**ENTRIES SUPPLIED:**

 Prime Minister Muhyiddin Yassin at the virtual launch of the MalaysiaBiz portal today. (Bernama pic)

* * *

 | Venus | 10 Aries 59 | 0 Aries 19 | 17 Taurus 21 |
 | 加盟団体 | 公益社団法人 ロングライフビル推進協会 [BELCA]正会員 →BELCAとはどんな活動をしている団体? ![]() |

---

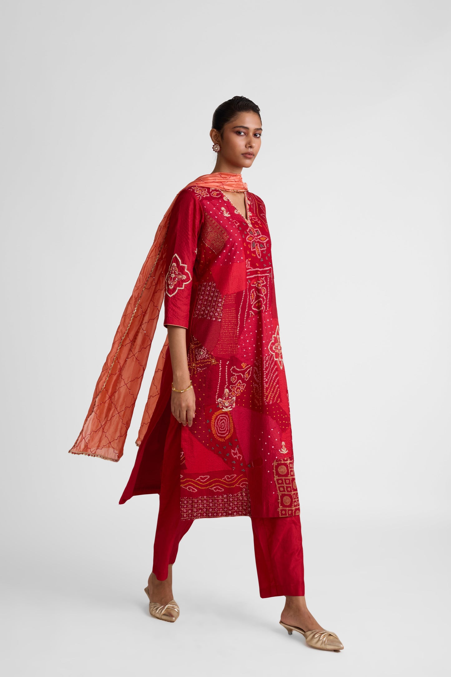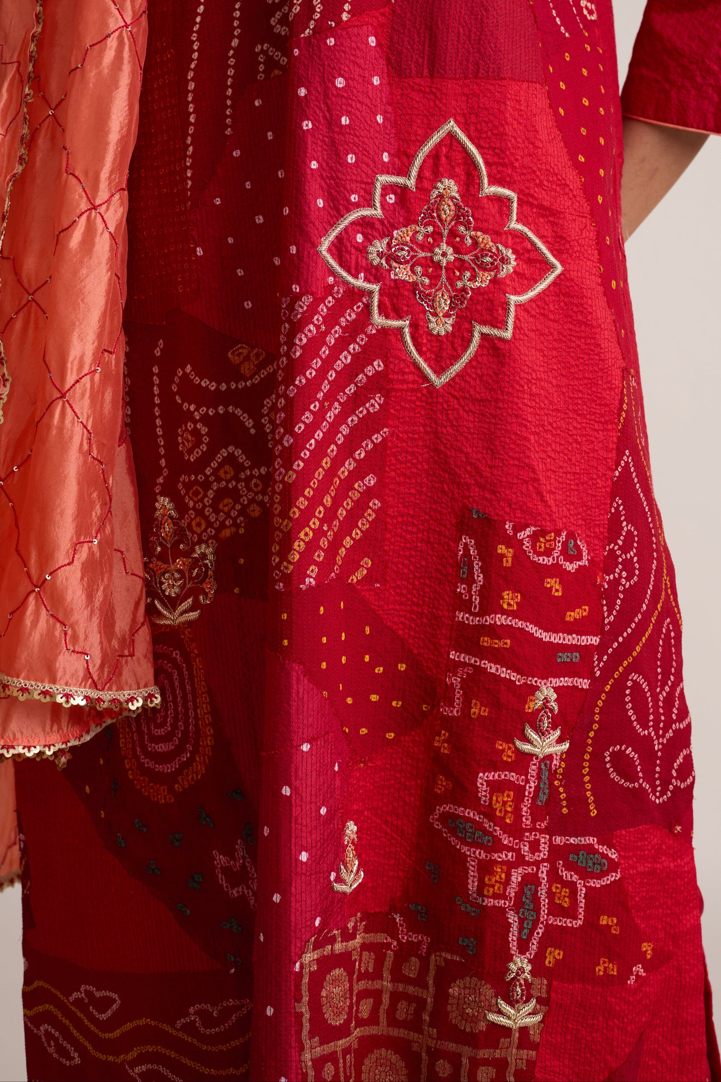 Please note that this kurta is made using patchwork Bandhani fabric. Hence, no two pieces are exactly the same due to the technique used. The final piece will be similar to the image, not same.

**TASK TO CARRY OUT:**
Copy out, exactly and alone, the lines of the entries above between the ones holding "Taurus 21 |" and "[BELCA]正会員 →BELCAとはどんな活動をしている団体? ![]() |", inclusive.

**RESPONSE:**
 | Venus | 10 Aries 59 | 0 Aries 19 | 17 Taurus 21 |
 | 加盟団体 | 公益社団法人 ロングライフビル推進協会 [BELCA]正会員 →BELCAとはどんな活動をしている団体? ![]() |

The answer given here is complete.